Is Bibi Losing His Grip on His Government

Whether or not Health Minister Yaakov Litzman’s resignation and subsequent reinstatement after a last-minute agreement with Prime Minister Netanyahu solves the current coalition crisis, one thing is clear, Bibi is beginning to lose his grip on his coalition.

The Prime Minister has always done an excellent job in balancing various interests of sectoral parties within his coalition by explaining to the factions that all would lose with new elections.  While there is still some truth to this, Likud’s falling poll numbers suggest a different story altogether.  Couple this with Avi Gabbai’s rise as Labor leader and the paradigm which saw Likud as the right wing and traditional anchor for those religious parties has fallen away.

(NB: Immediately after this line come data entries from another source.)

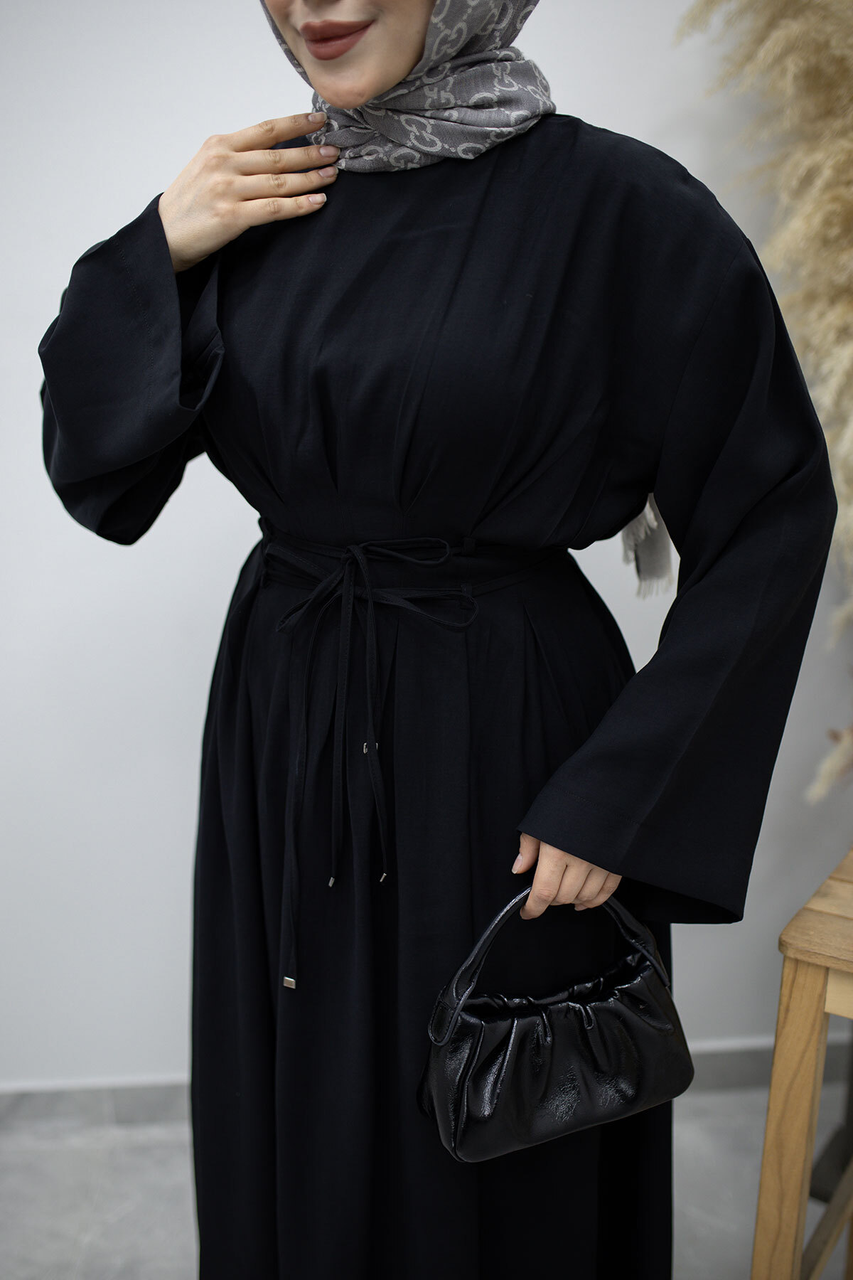 Çift Bağlamalı Pensli Elbise TSD260185 Siyah Özellikleri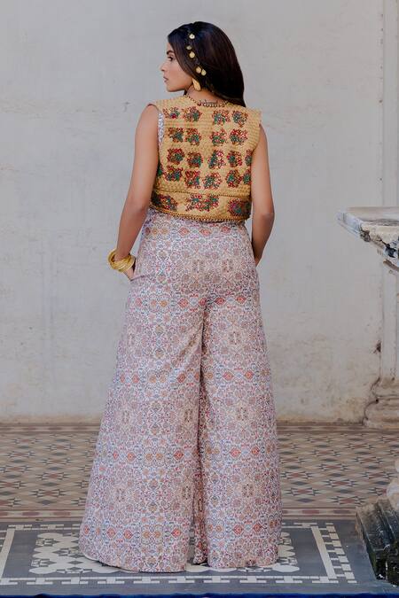 White jumpsuit with all over Persian carpet pattern print, sweetheart neck & side pockets. Paired with rust jacket with beads, zari dori & metal sequin work.
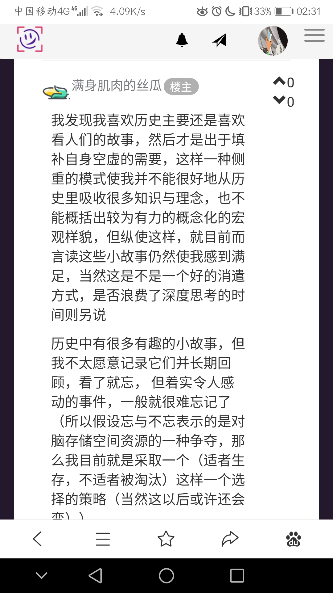 我发现我喜欢历史主要还是喜欢看人们的故事,然后才是出于填补自身空虚的需要,这样一种侧重的模式使我并不能很好地从历史里吸收很多知识与理念,也不能概括出较为有力的概念化的宏观样貌,但纵使这样,就目前而言读这些小故事仍然使我感到满足,当然这是不是一个好的消遣方式,是否浪费了深度思考的时间则另说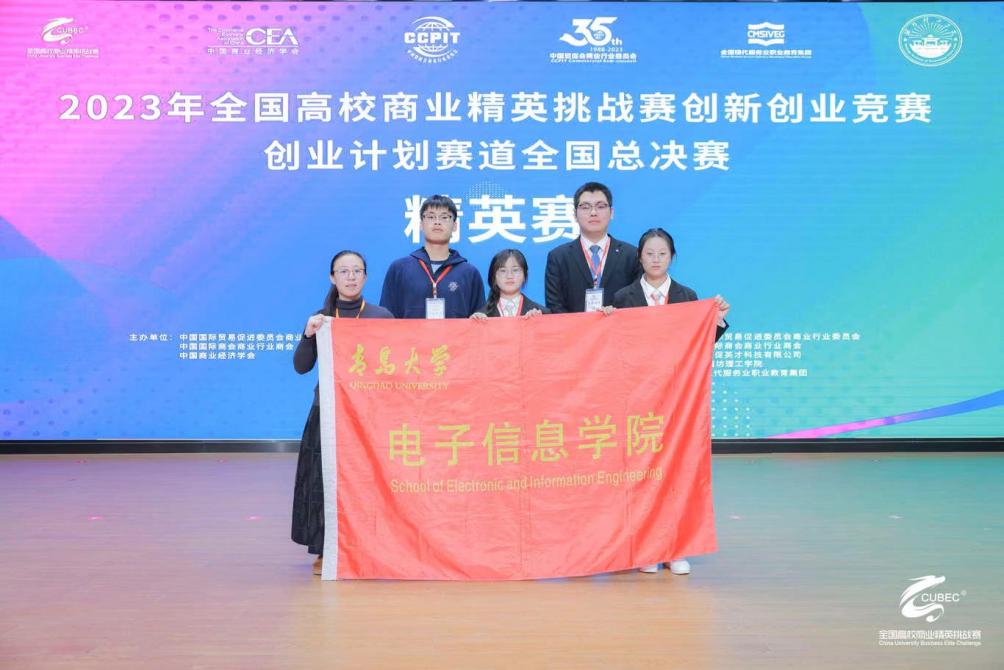 新闻网讯 11月26日,2023年全国高校商业精英挑战赛创新创业竞赛创业计划赛道全国总决赛精英赛于山东省潍坊市落幕。经过激烈角逐,由诸侯快讯电子信息学院学生侯潇宇、路平、甄秋童、高梓宇、李浩然组成的凌赫科技团队,凭借作品:“屏”治天下—智能超表面吸波屏蔽膜产业新势力,斩获全国冠军。指导教师刘田、张波获得“优秀辅导教师”奖。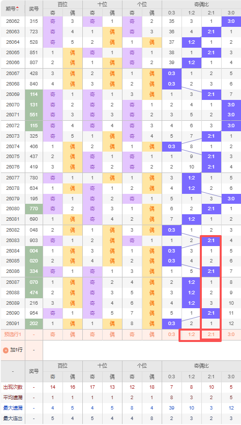 上期奇偶比:0:3,近10期奇偶比出现情况:0:3、2:1、0:3、0:3、2:1、1:2、1:2、1:2、2:1、0:3,最近10期出现3期2:1,出现3期1:2,出现4期0:3,出现0期3:0,根据近10期出号规律本期推荐隔期出2:1,防遗漏2期出1:2,综上所述奇偶比推荐:1:2,重点关注:2:1。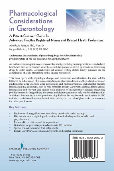 Underscores the complexity of prescribing drugs for older adults while providing state-of-the-art guidelines for safe patient care. An evidence-based, quick-access reference for adult gerontology nurse practitioners and related providers, this text describes a holistic, patient-centered approach to prescribing drugs to older adults.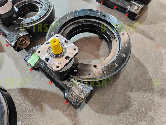 精密14寸回轉(zhuǎn)驅(qū)動配套行星減速機應(yīng)用在特重設(shè)備上,使用特點是轉(zhuǎn)速特別低,需要大的減速比,輸出扭矩要求小,要求精度較高,并且底座和轉(zhuǎn)臺外側(cè)都沒有空間安裝減速機和電機,電機和減速機只能安裝在底座和轉(zhuǎn)臺中間的夾縫中。
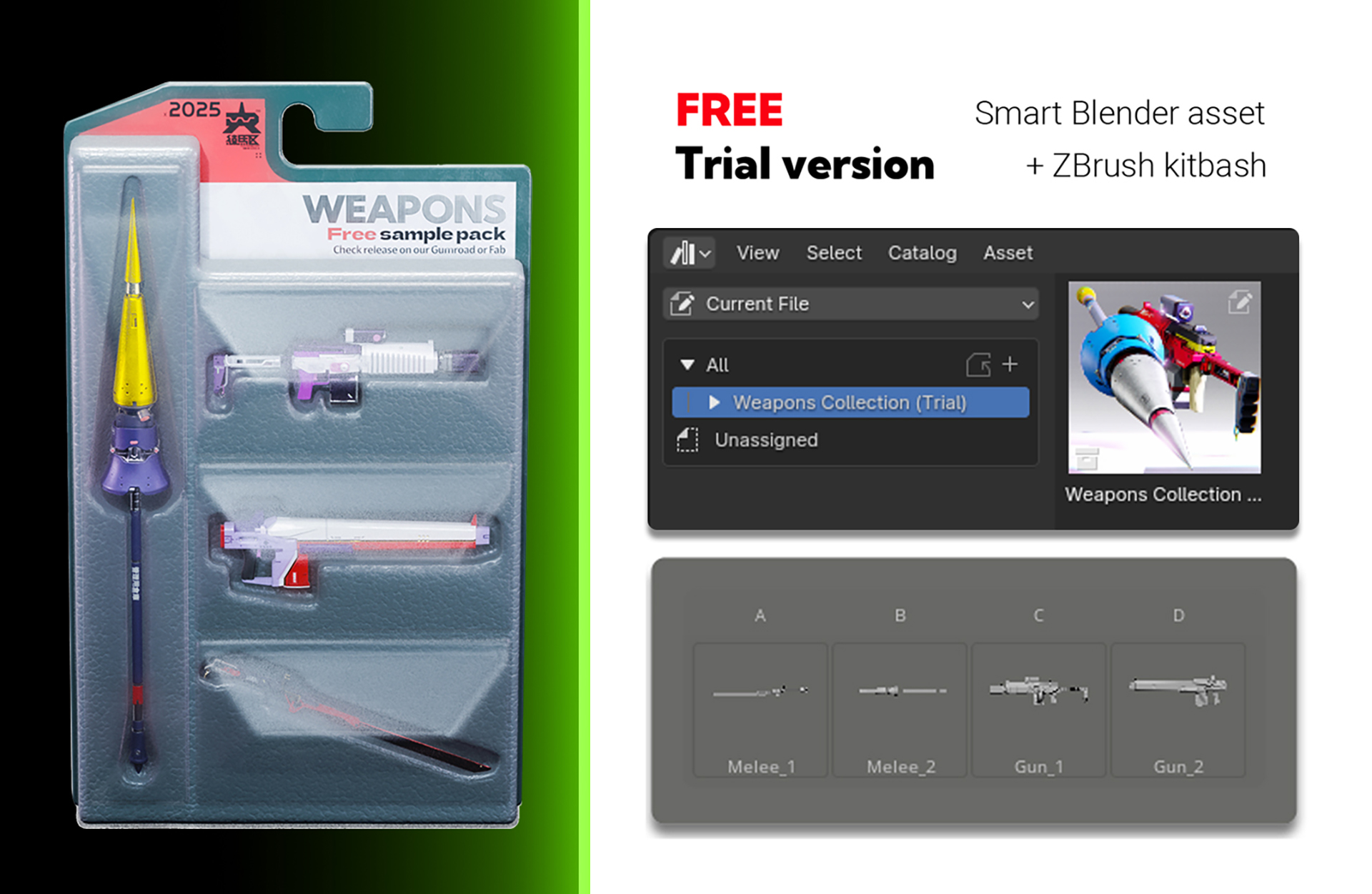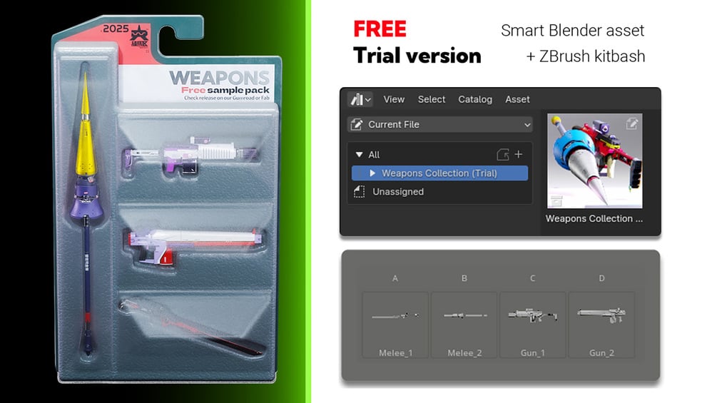 Our system is designed for Blender and Unreal Engine, and we also provide a ready-made kitbash for ZBrush!

This doesn’t mean that Bibi will be dethroned if elections were to be held, but he is no shoe in anymore and what is increasingly becoming apparent is that self-interested ministers within his party are beginning to sense he is weak.

MK Eichler from UTJ claims that it was in fact Transportation Minister Katz who created this crisis.

“There is no explanation that the Likud government will expand the work done on Shabbat except for the attempt by the Transportation Minister and Welfare Minister to topple the government. The traditional Likud voters will not forgive them if Netanyahu’s government falls apart,” Eichler was quoted as saying.

This may be in the realm of rumor, but the facts are in.  The construction took place with the approval of Minister Yisrael Katz who had to know that this would create a crisis.

None of this is important other than to point out that Bibi is finally being seen as weak and this perception is from within the Likud itself.

With a rising Jewish Home and UTJ on the religious right and a revamped Labor under Avi Gabbai who is religiously traditional as well as a centrist when it comes to security and “settlements,” Likud is finally beginning to worry that Bibi has lost his touch and thus his grip.

Once again, none of this means that the Prime Minister’s days are numbered, especially since he has been counted out plenty of times before only to surprise. However, the younger generation in Israel, which has grown up and matured after the Second Intifada, Gaza Withdrawal, and Second Lebanon War has discarded the mistakes of breaking Israeli politics into a polarized relationship revolving around the Two-State Solution and Religious-Secular relationships.  The younger generation has come of age and appears to see things far differently than the elder statesmen of Bibi’s generation.

Time will tell if the current flare up with the Chareidi UTJ is the beginning of the end for Bibi or a tremor of a far bigger earthquake to come.